Amylyx’s approach also includes collaborations with leading academic institutions and leveraging cutting-edge technologies. By partnering with experts and utilizing the latest advancements in biomedical research, Amylyx is positioned to accelerate the development of new therapies. These collaborations enhance their research capabilities and foster a multidisciplinary approach to tackling complex neurodegenerative diseases.

Addressing Challenges in Neurodegenerative Disease Development

Addressing the challenges in neurodegenerative disease research, Klee remarked, “We can’t biopsy the brain… it’s a lot harder to measure.” This difficulty in directly studying brain tissue complicates the understanding and treatment of these conditions. The lack of straightforward diagnostic tools and the complexity of disease mechanisms make it imperative to develop innovative research methods and treatment approaches.

One major challenge is the heterogeneity of neurodegenerative diseases. Patients with the same diagnosis can exhibit vastly different symptoms and disease progression rates, complicating the development of universal treatments.

Furthermore, the progressive nature of many neurodegenerative diseases poses a challenge for clinical trials. Long trial durations are often required to observe significant changes in disease progression, which can delay the availability of new treatments. To address this, Amylyx is incorporating biomarkers and other surrogate endpoints in their trials to provide early indicators of treatment efficacy. This strategy can help expedite the drug development process, bringing new therapies to patients more quickly.

In addition to clinical and biological challenges, there are significant regulatory hurdles. Neurodegenerative diseases often require innovative regulatory strategies to demonstrate efficacy and safety effectively. Amylyx’s proactive engagement with regulatory authorities worldwide aims to streamline this process, ensuring that promising therapies can reach patients without unnecessary delays.

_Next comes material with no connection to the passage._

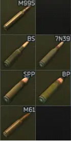 5.45mm用BS(通用)或7N39(高穿);5.56mm闭眼选M995;9×39mm用SPP/BP;7.62×51mm首选M61。牢记穿深机制:穿深>护甲厚度×80%概率击穿;碎弹=150%伤害,跳弹=头盔不掉耐久但头部钝伤1HP。
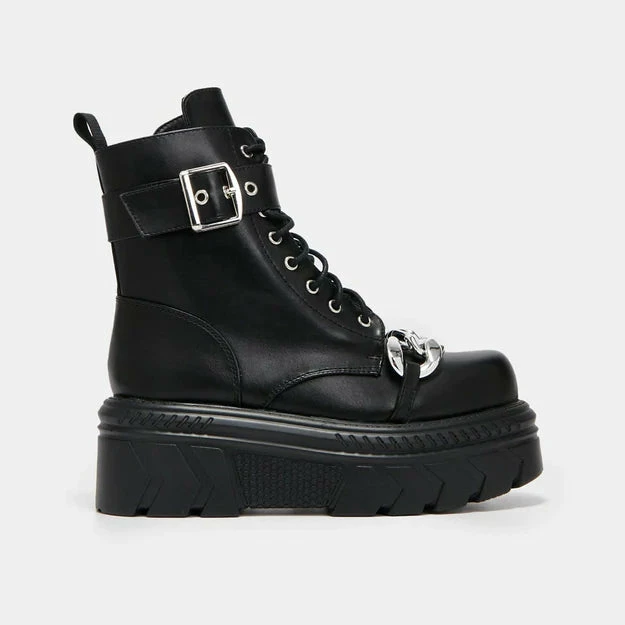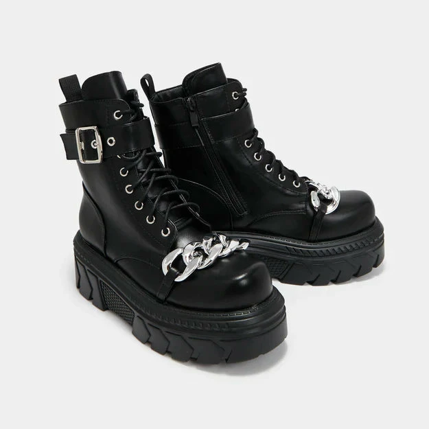 These awesome black boots from Koi feature a statement metal chain, lace ups and adjustable belt strap. Sitting on a chunky platform to elevate your look, these eye-catching vegan leather boots are super comfy to wear and look amazing on. Side zips for easy on and off!

Long-Term Vision for Amylyx

Looking ahead, Cohen outlined Amylyx’s long-term goals: “We measure our success by the impact we have on patients’ lives. Over the next five to ten years, we aim to help many patients achieve better outcomes and build a team that shares our mission.” Amylyx’s commitment to leveraging new technologies and remaining persistent in their pursuits will guide their evolution and efforts to make a significant difference in the world of neurodegenerative diseases.

Cohen highlighted their focus on building a collaborative and innovative work environment. “We believe that a strong, value-driven culture is essential for achieving our long-term goals,” he said. “By fostering a sense of purpose and passion among our team members, we can continue to push the boundaries of what’s possible in neurodegenerative disease research and treatment.”